Scott rend la situation encore plus complexe pour les observateurs optimistes de la nature. « Dans de nombreux cas, les plantes préfèrent envoyer des signaux trompeurs. Mentir. Par exemple, elles peuvent indiquer qu'elles se nourrissent alors qu'il n'y a pas d'herbivore. Elles induisent alors en erreur leurs concurrents locaux, les incitant à investir dans des mécanismes de défense coûteux. En fait, elles nuisent à leurs voisins au lieu d'être altruistes. Une signalisation honnête et active ne serait une stratégie stable que dans des conditions très restrictives. Tout au plus envers votre pollinisateur ou votre disperseur de graines, si vous n'êtes pas en concurrence directe avec eux. »
Mais existe-t-il une exception ? Qu'en est-il des parents directs, comme le frère d'un saule ou la sœur d'un semis ? Après tout, ils partagent des gènes.

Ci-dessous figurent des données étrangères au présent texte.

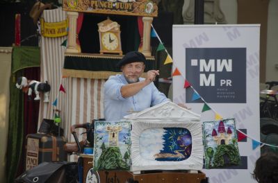 Na pierwszy rzut przedstawiamy Telesfora: człowieka, który odwiedził Ozimek na swoim baśń - rowerze (wyjaśnienie: rower cargo, na którym jeździ po całym kraju prezentując lalkowe spektakle na podstawie baśni Andersena).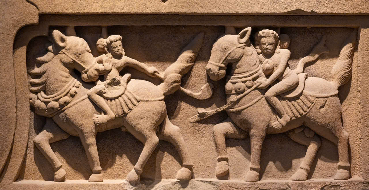 Trò chơi Mã Cầu (Polo, cỡi ngựa đánh cầu) phù điêu sa thạch Di Tích Chăm ở Quảng Trị.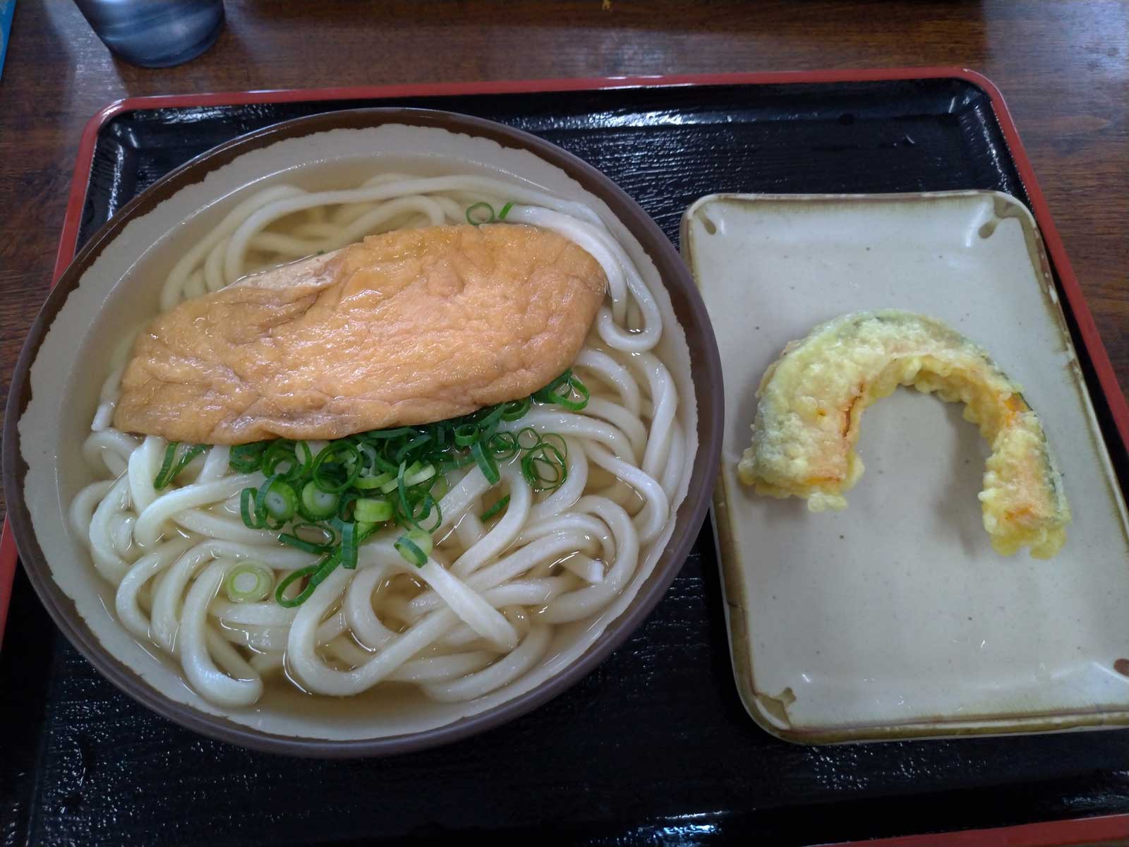 まずはお昼ごはんを「ぼっこ屋」で、きつねうどんを食べる。 メニューには「きつねうどん」というのは存在しないので、かけうどん+油揚げという組み合わせを自分で作らなくてはならない。

Et la sélection de parenté et l'altruisme envers les congénères n'étaient-ils pas considérés comme un phénomène familial important chez les animaux ? Scott souligne une caractéristique particulière des arbres. « La compétition de parenté est l'inverse. Un certain altruisme se manifeste lorsque vos descendants ou vos frères et sœurs se dispersent pour rivaliser avec d'autres plantes. Les plantes sont relativement immobiles et, par sélection, elles auront donc tendance à entrer en compétition avec leurs parents voisins. »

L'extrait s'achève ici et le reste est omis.